But the view did not die. Bultmann’s view and the agenda of his pupils was bolstered by Martin Heidegger’s philosophy, (phenomenology), and later was enlarged with the deconstructionist and postmodern approaches to narrative that followed. First and foremost, it was maintained that the New Testament is a discourse, not an artifact like–say–the Code of Hammurabi. It speaks to readers and listeners. It speaks to people who will interpret its message differently and act on it in different ways. Its meaning therefore doesn’t reside in its recitation of facts but in its overall effect and in the “dialectical distance” between the reader or listener and the text, read or spoken. Whatever remained of Jesus was safely locked away in the trendy word “proclamation” (κήρυγμα) and the nice thing about kerygma is that the New Testament uses it to talk about people who talked about Jesus (Luke 4:18-19; Romans 10:14; Matthew 3.1). Let the hermeneutical circle be unbroken. The demythologizers responded to Schweitzer’s idea that the mistake of scholarship had been to make Jesus a man of our time rather than a figure of his own time by promoting a reinterpretation of the ancient “message” that made the historically embarrassing figure optional.

Though I was trained by Bultmann’s closest pupils, I am not especially worshipful of phenomenology or its literary effects. I am even less happy with the way in which a whole generation of NT scholars was forced to dance on the head of a pin to avoid challenging the schizophrenic faith/history solution to the Jesus problem.

Very few reached the level of sophistication of my late friend and colleague Michael Goulder, but many came close: Norman Perrin, Robert Grant, Martin Dibelius, Ernst Kaesemann, Dennis Nineham, Dieter Georgi, John Fenton, Gerd Luedemann–the list is long and international.
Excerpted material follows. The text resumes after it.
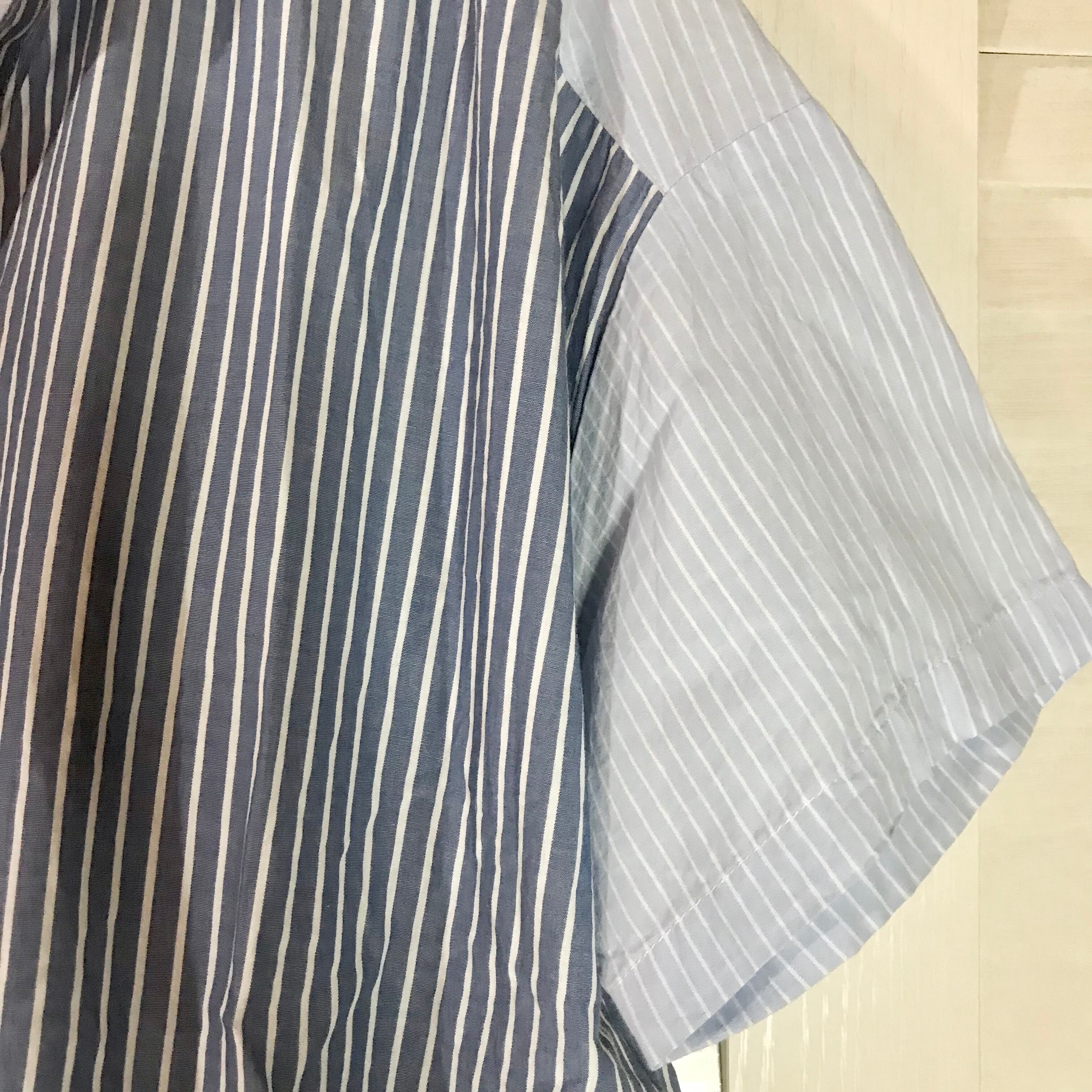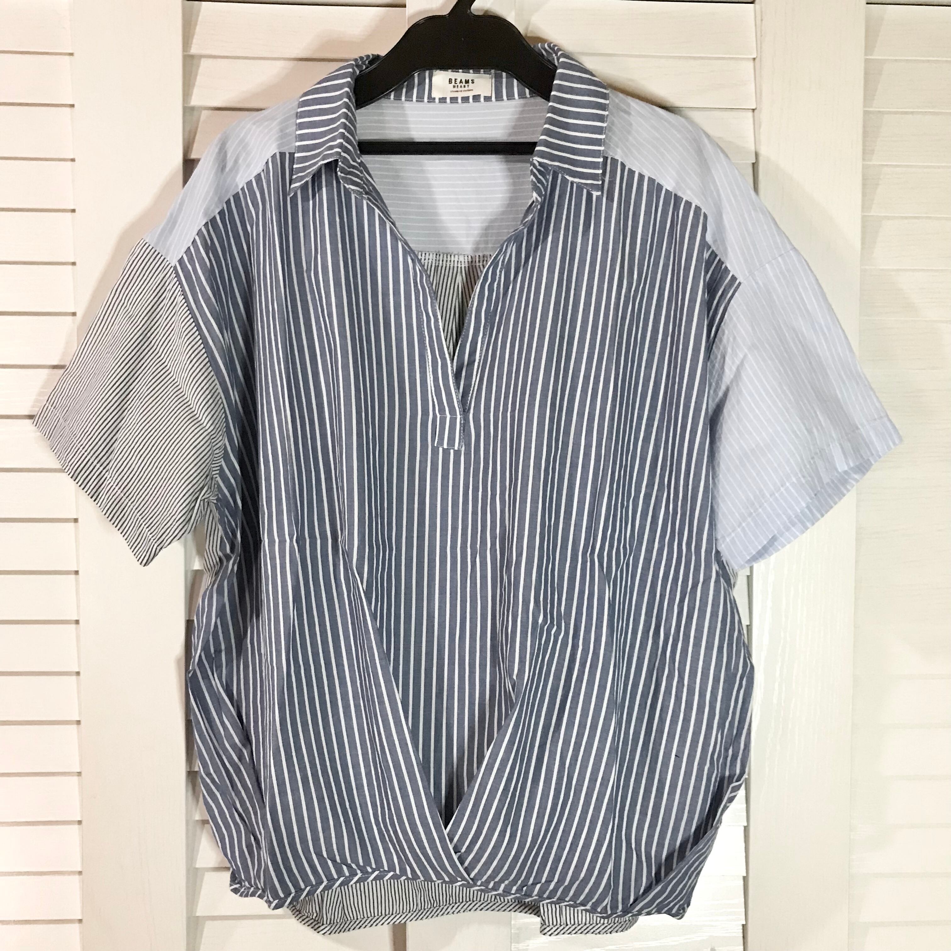 BEAMS HEART クレイジーパターン ストライプ スキッパーシャツ ブルー

Virtually all were trained as theologians; all would have agreed that historical questions must be kept apart from theology when the questions we are asking are historical. To say that the status of a book limits us to asking certain kinds of questions about it gives us gnosticism at an intellectual level and anarchy at a methodological level. New Testament scholarship has done its bit to ensure the triumph of both. I have discussed the myth-thesis with some of the leading lights of twentieth century scholarship, and the number of times the discussion ended on the word “irrelevant” or “outdated” is distressing. To me, it remains an interesting question, even though I am fairly certain that Jesus was not a figment of a first century writer’s overactive religious imagination. My reasons for saying so have nothing to do with theology.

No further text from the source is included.